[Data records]
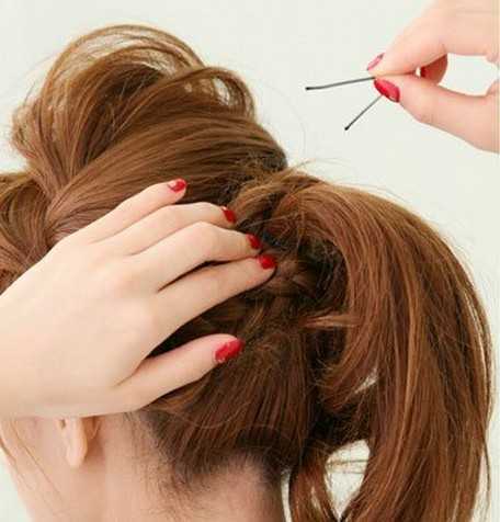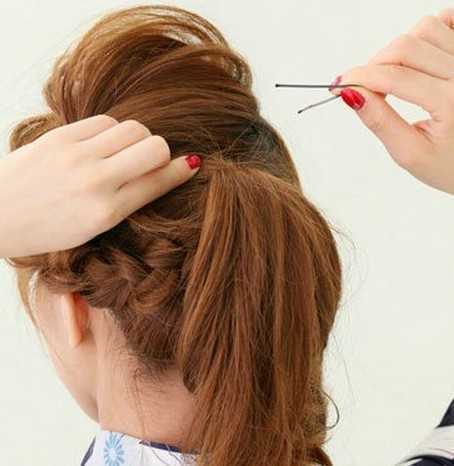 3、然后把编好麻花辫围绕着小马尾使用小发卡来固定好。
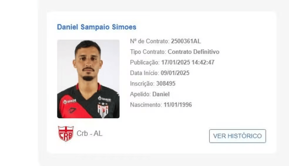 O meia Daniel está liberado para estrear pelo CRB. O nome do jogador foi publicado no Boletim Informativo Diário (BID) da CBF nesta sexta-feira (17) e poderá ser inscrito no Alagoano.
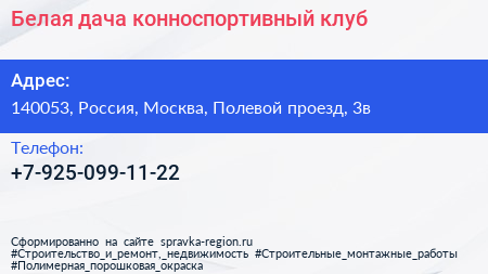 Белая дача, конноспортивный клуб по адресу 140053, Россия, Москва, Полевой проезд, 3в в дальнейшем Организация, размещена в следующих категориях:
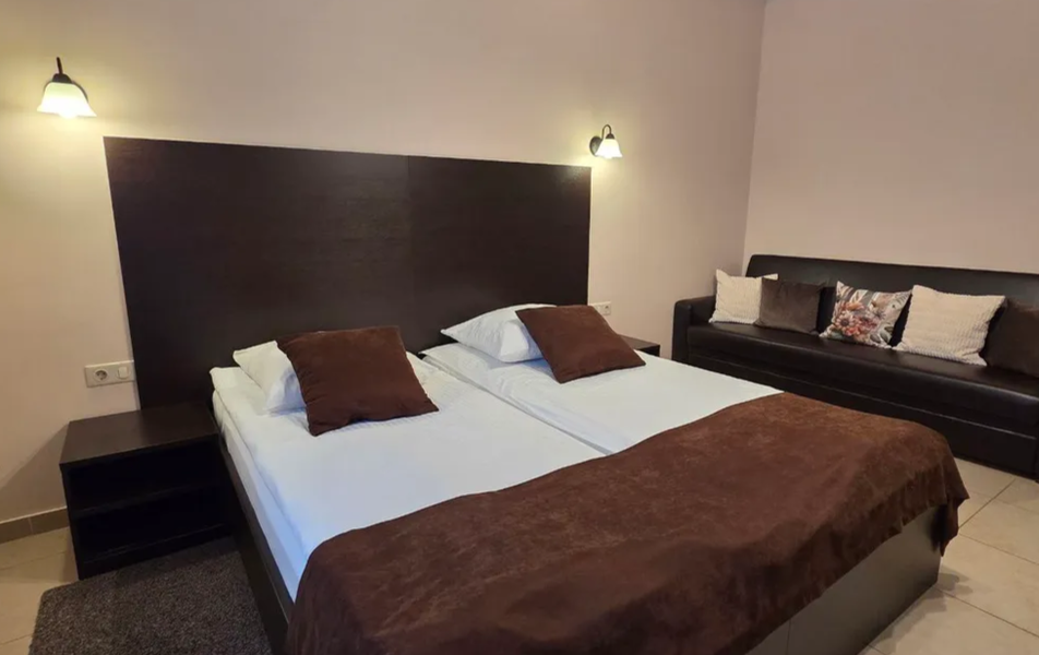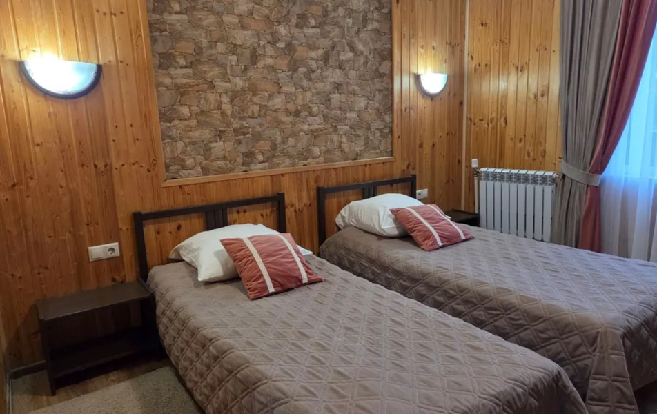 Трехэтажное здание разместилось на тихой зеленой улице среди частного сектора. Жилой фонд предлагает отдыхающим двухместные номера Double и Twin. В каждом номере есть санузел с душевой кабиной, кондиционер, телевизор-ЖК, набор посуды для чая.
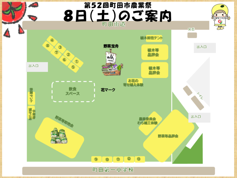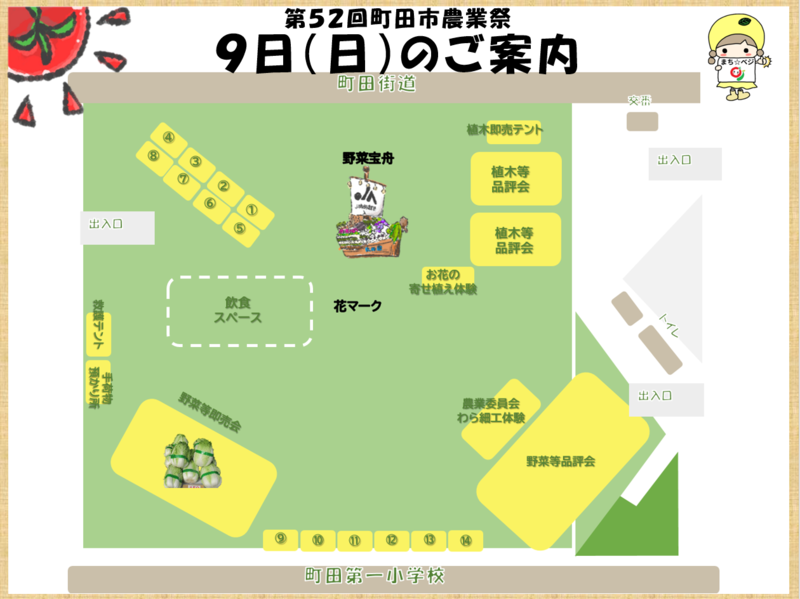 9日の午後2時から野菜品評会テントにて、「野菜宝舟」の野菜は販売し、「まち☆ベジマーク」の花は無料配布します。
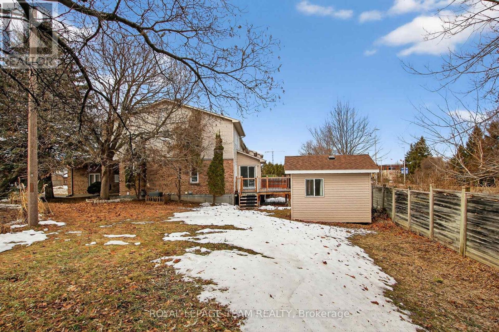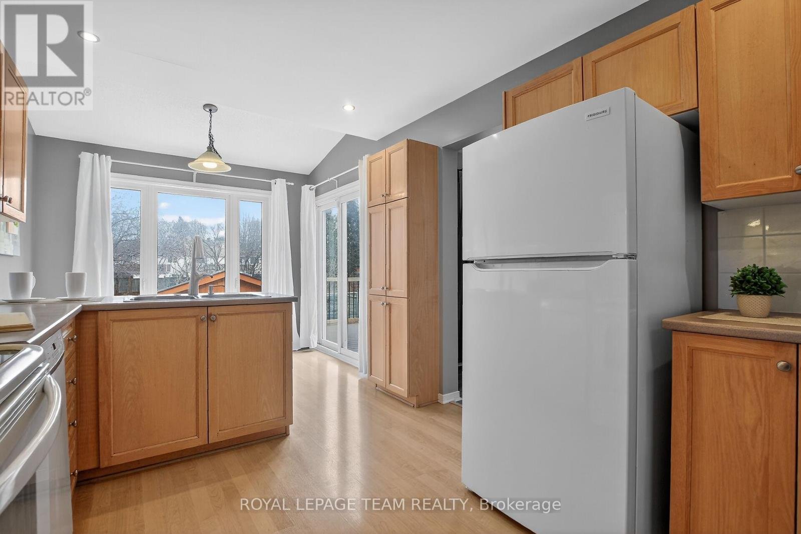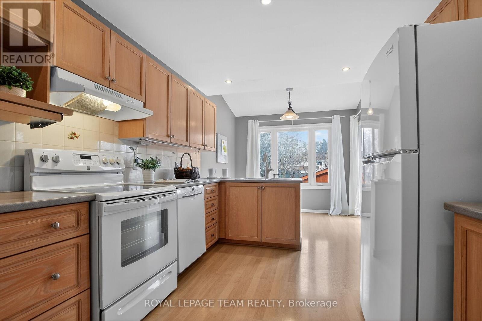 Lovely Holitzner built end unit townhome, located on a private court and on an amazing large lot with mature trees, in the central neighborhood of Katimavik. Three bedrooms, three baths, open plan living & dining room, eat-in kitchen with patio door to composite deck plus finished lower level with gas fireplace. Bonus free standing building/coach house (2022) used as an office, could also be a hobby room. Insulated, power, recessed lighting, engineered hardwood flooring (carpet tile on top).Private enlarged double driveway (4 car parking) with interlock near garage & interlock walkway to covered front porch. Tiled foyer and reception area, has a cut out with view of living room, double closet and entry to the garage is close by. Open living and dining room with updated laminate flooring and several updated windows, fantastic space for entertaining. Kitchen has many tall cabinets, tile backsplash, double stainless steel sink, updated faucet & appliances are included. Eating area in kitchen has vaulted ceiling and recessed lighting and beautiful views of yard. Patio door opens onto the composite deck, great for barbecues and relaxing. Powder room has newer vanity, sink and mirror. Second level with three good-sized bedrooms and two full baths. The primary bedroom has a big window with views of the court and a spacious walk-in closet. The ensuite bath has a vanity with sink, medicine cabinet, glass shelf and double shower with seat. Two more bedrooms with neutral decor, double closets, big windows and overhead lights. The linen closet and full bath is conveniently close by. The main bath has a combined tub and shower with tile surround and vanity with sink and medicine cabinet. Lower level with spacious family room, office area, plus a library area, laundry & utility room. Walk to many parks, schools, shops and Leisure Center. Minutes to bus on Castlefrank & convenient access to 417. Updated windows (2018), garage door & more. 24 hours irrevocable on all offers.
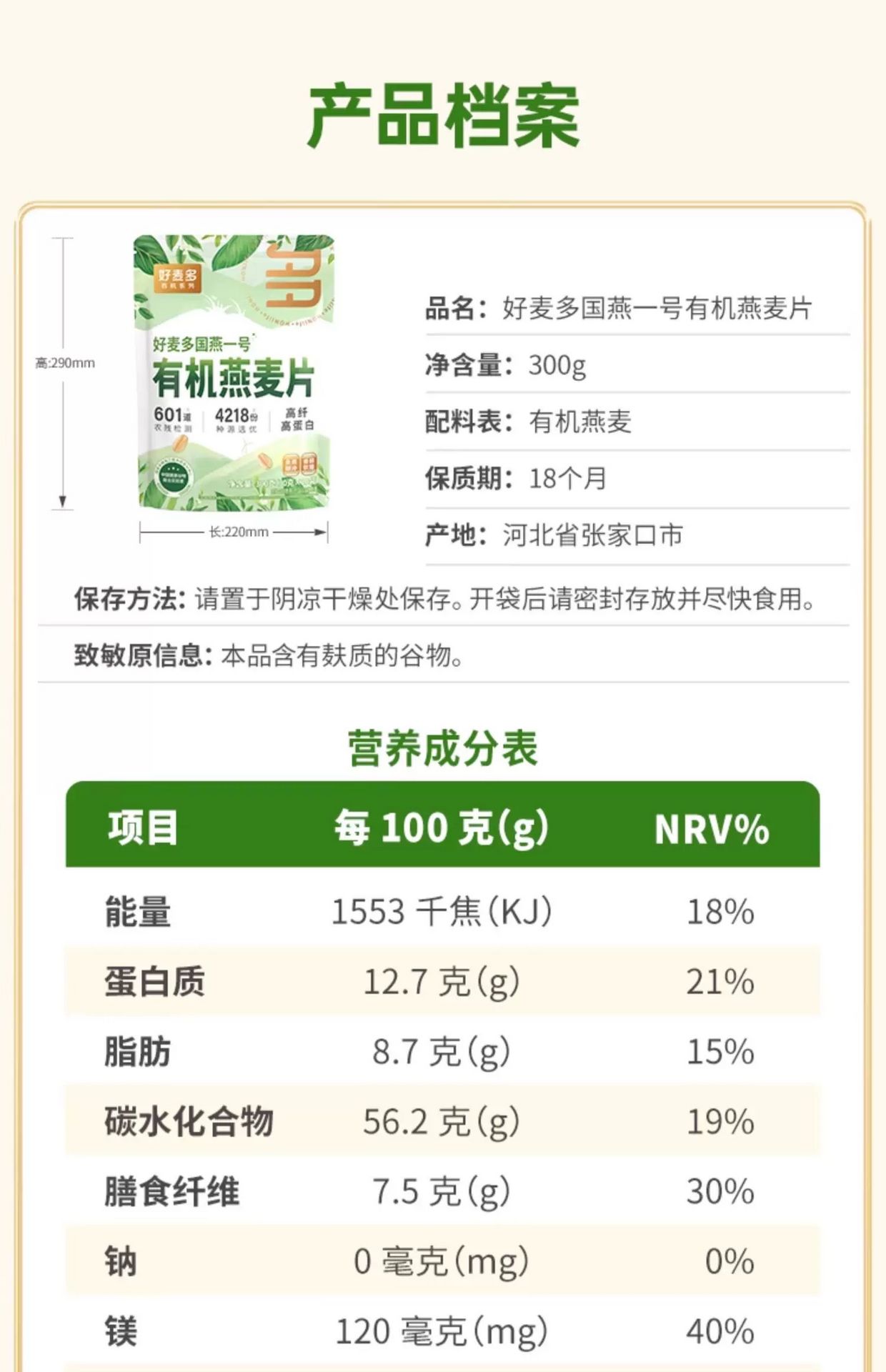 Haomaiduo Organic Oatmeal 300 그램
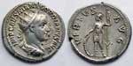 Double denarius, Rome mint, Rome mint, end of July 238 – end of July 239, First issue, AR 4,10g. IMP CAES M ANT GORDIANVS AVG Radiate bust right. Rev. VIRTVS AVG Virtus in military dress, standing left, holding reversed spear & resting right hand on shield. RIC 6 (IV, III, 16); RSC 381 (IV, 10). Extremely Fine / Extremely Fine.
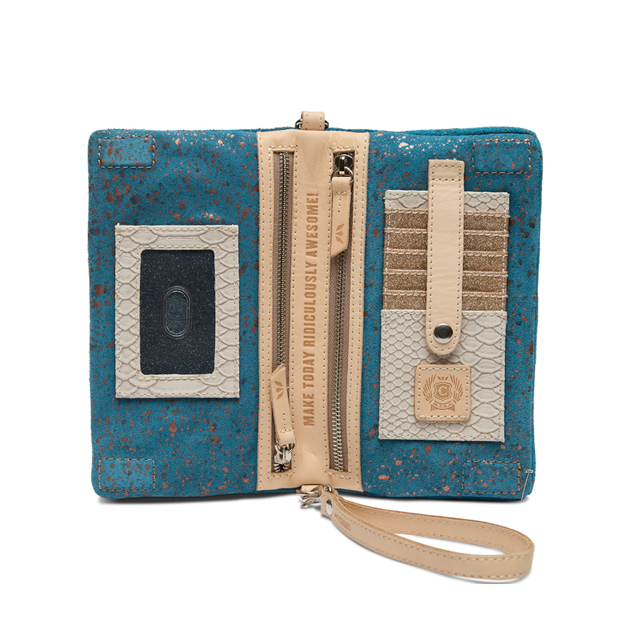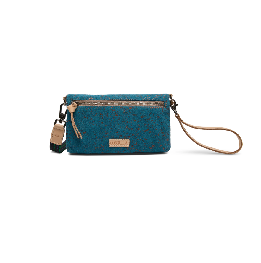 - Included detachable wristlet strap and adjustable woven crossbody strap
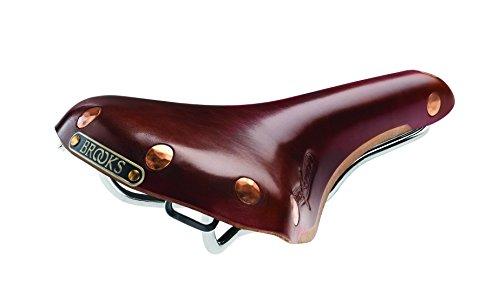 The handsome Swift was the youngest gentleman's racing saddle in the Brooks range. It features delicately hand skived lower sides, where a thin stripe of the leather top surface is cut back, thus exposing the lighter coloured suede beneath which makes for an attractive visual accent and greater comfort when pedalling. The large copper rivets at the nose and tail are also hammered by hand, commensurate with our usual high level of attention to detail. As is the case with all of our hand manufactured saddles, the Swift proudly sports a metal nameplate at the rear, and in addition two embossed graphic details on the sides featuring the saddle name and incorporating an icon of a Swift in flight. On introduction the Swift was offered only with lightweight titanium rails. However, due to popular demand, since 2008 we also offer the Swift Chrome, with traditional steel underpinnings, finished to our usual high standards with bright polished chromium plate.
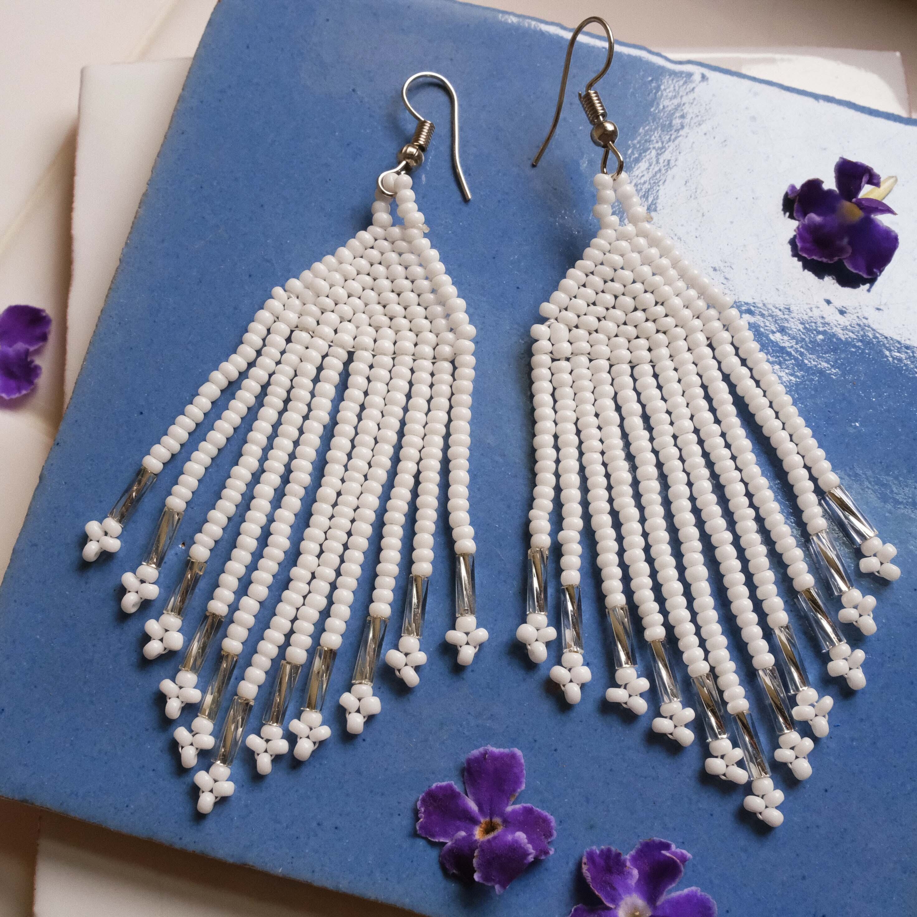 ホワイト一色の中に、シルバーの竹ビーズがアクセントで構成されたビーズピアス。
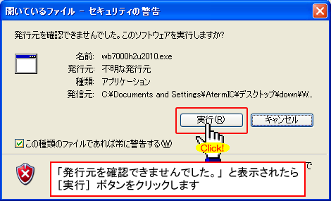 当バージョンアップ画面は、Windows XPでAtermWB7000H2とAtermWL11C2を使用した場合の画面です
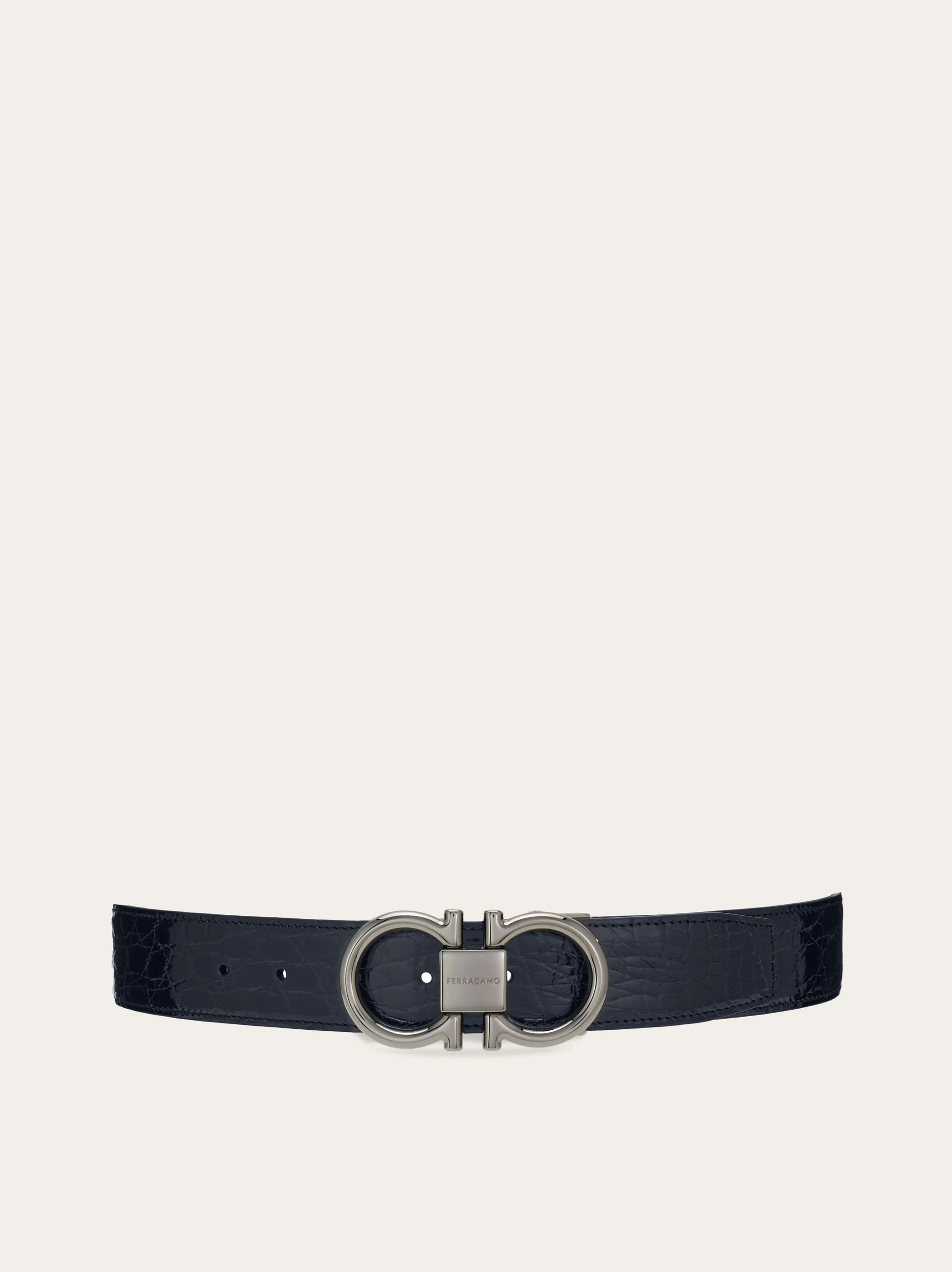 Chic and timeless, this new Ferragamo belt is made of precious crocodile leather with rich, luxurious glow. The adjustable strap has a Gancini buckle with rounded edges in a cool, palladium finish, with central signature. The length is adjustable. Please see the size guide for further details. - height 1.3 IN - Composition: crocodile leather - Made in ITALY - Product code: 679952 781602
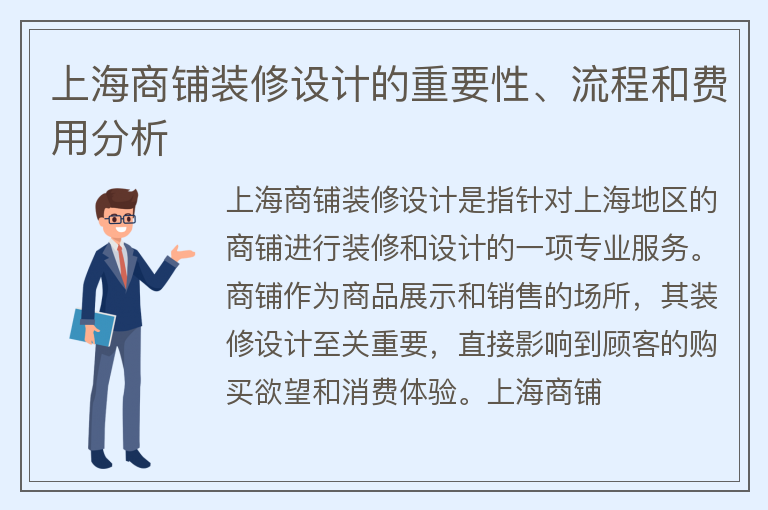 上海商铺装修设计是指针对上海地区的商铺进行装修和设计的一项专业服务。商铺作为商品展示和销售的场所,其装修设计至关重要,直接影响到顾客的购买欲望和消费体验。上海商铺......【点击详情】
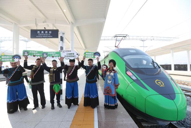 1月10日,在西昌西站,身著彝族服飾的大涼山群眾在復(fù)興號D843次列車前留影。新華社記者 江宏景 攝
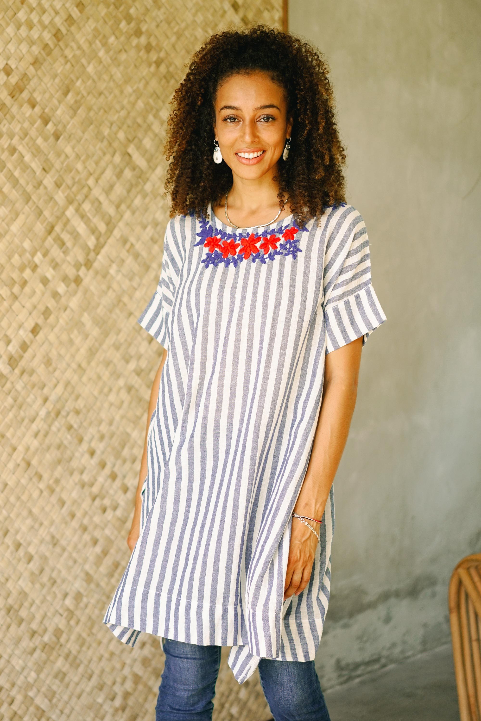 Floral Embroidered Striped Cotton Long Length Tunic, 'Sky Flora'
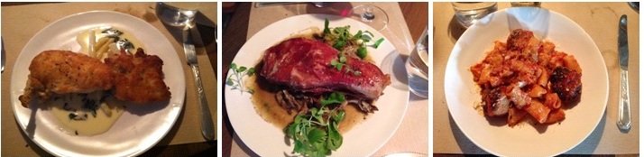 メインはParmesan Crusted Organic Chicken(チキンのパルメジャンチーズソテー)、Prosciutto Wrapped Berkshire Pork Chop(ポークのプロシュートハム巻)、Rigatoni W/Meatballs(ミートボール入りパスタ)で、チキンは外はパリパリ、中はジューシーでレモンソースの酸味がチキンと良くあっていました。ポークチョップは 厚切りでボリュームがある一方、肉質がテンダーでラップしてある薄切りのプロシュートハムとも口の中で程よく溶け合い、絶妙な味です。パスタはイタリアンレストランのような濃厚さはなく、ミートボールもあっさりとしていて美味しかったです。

## Task description
What are the lines above from the one with "Трехэтажное здание разместилось" to the one with "9日の午後2時から野菜品評会", both included? Reproduce them exactly, without pictures.

## Exercise response
 Трехэтажное здание разместилось на тихой зеленой улице среди частного сектора. Жилой фонд предлагает отдыхающим двухместные номера Double и Twin. В каждом номере есть санузел с душевой кабиной, кондиционер, телевизор-ЖК, набор посуды для чая.
 9日の午後2時から野菜品評会テントにて、「野菜宝舟」の野菜は販売し、「まち☆ベジマーク」の花は無料配布します。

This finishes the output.